BEGIN Record excerpts

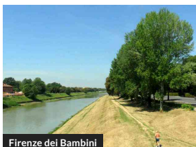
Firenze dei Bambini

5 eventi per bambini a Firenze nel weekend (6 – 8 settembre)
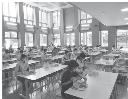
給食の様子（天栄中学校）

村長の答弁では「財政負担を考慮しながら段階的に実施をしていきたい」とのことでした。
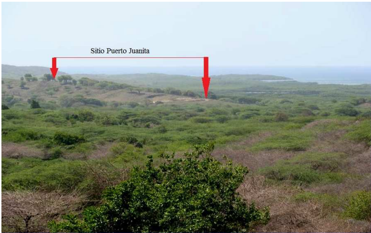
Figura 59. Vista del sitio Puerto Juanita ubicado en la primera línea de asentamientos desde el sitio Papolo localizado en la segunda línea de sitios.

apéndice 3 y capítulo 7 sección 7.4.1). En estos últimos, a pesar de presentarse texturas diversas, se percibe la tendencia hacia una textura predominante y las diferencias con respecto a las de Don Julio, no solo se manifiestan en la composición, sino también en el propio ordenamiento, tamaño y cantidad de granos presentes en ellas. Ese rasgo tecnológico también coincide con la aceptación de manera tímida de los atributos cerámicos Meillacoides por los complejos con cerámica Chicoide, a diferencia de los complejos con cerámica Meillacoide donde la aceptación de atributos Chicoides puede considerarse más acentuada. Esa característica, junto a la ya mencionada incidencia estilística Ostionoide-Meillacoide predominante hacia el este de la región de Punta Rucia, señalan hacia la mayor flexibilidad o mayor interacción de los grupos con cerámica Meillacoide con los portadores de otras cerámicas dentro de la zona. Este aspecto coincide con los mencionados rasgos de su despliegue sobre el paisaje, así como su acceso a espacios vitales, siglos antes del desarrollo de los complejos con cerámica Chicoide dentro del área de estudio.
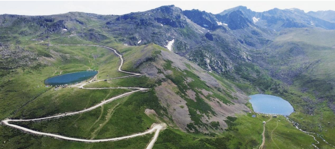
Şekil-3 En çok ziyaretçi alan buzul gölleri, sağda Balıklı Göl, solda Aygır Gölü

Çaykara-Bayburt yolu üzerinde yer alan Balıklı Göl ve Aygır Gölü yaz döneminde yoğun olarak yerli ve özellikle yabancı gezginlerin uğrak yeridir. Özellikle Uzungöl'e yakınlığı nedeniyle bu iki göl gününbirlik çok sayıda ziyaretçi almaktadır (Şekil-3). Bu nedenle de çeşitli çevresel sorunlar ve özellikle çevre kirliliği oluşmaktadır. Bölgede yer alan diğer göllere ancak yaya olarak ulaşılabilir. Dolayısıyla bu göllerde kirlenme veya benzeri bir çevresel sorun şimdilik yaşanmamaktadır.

END Record excerpts

From the line containing "5 eventi per" through the line containing "Figura 59. Vista", copy every line above exactly, without pictures.

Result of the task:
5 eventi per bambini a Firenze nel weekend (6 – 8 settembre)
給食の様子（天栄中学校）

村長の答弁では「財政負担を考慮しながら段階的に実施をしていきたい」とのことでした。
Figura 59. Vista del sitio Puerto Juanita ubicado en la primera línea de asentamientos desde el sitio Papolo localizado en la segunda línea de sitios.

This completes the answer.